REQUIRED ACTION: Please output the listing below character for character and omit the images.

RAW DATA:

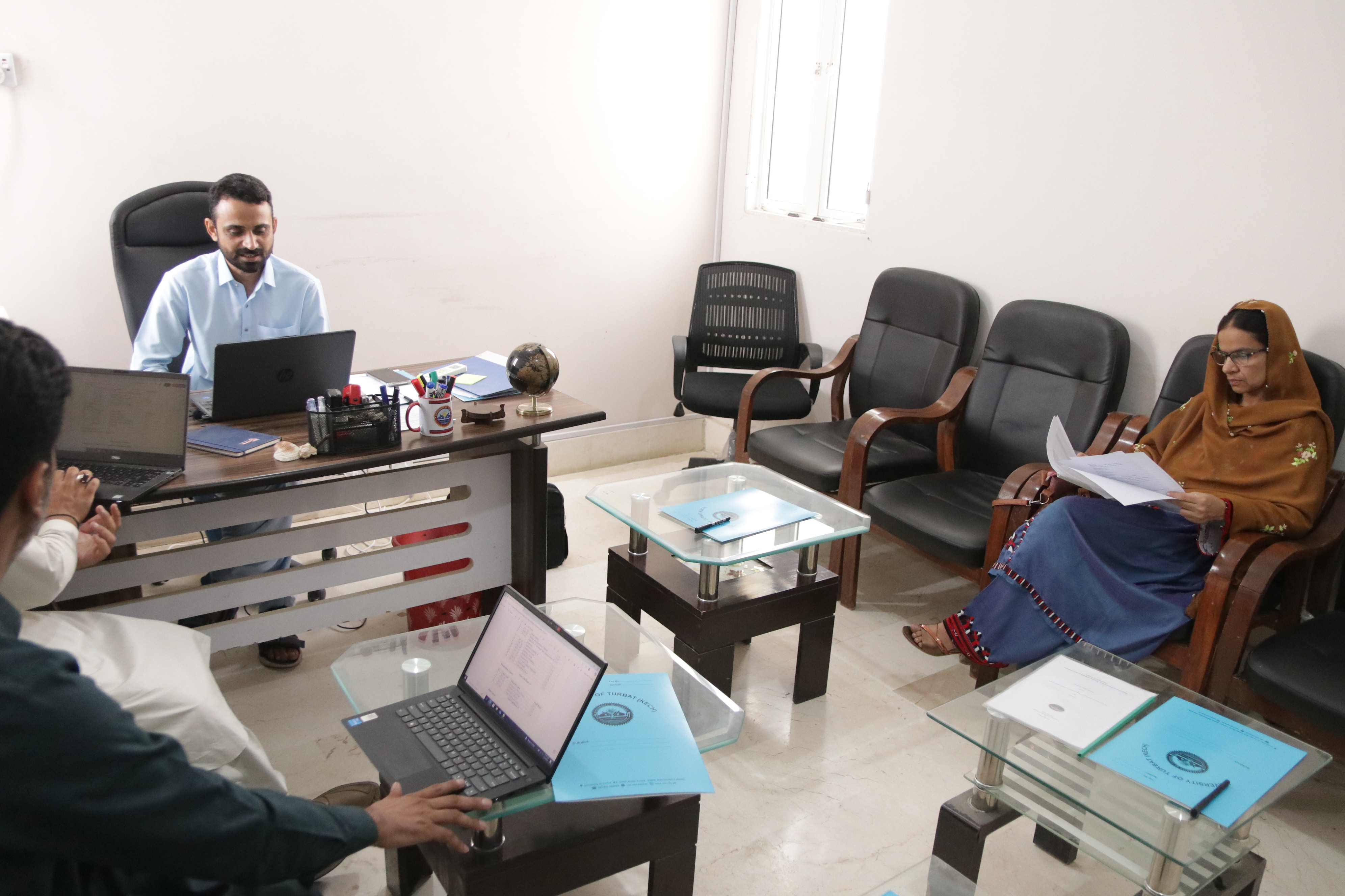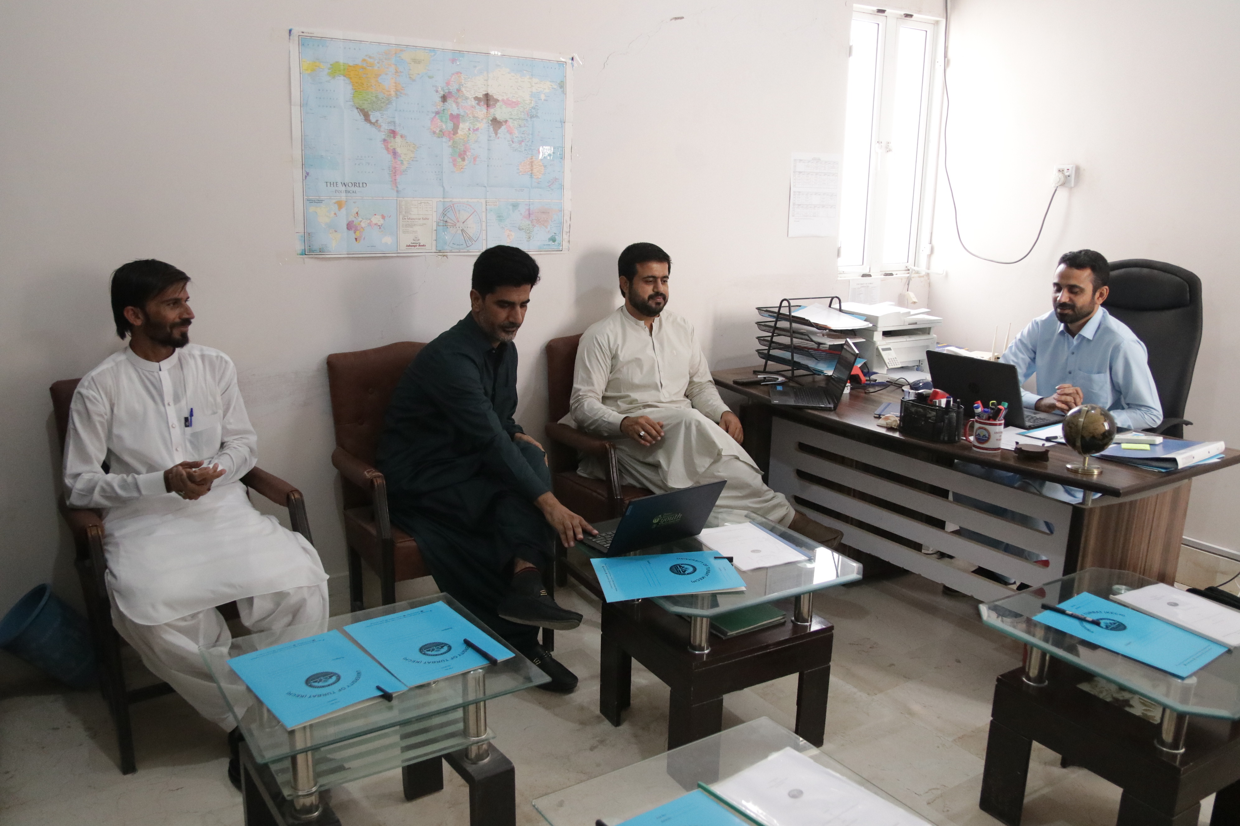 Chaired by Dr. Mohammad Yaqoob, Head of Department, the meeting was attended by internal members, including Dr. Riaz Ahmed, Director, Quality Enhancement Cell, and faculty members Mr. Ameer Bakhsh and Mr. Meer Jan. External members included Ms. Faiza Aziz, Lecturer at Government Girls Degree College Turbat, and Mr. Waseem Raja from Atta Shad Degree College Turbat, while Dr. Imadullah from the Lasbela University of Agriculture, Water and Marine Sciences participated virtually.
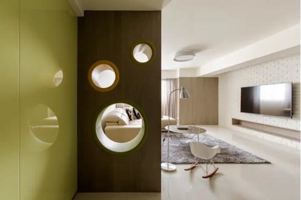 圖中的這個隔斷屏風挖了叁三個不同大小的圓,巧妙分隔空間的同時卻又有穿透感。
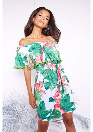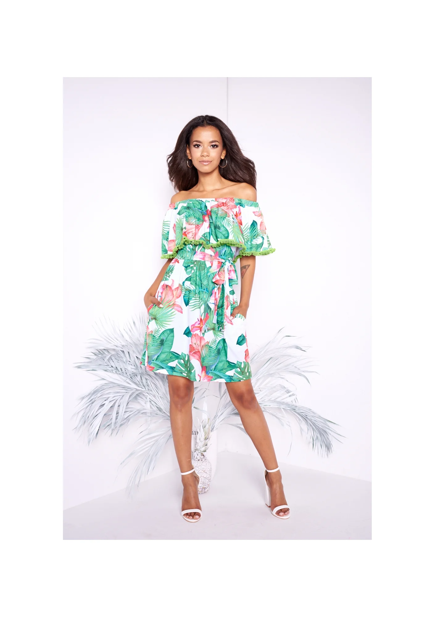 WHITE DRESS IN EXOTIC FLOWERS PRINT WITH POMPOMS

SOLUTION TO THE PROBLEM:
 Chaired by Dr. Mohammad Yaqoob, Head of Department, the meeting was attended by internal members, including Dr. Riaz Ahmed, Director, Quality Enhancement Cell, and faculty members Mr. Ameer Bakhsh and Mr. Meer Jan. External members included Ms. Faiza Aziz, Lecturer at Government Girls Degree College Turbat, and Mr. Waseem Raja from Atta Shad Degree College Turbat, while Dr. Imadullah from the Lasbela University of Agriculture, Water and Marine Sciences participated virtually.
 圖中的這個隔斷屏風挖了叁三個不同大小的圓,巧妙分隔空間的同時卻又有穿透感。
 WHITE DRESS IN EXOTIC FLOWERS PRINT WITH POMPOMS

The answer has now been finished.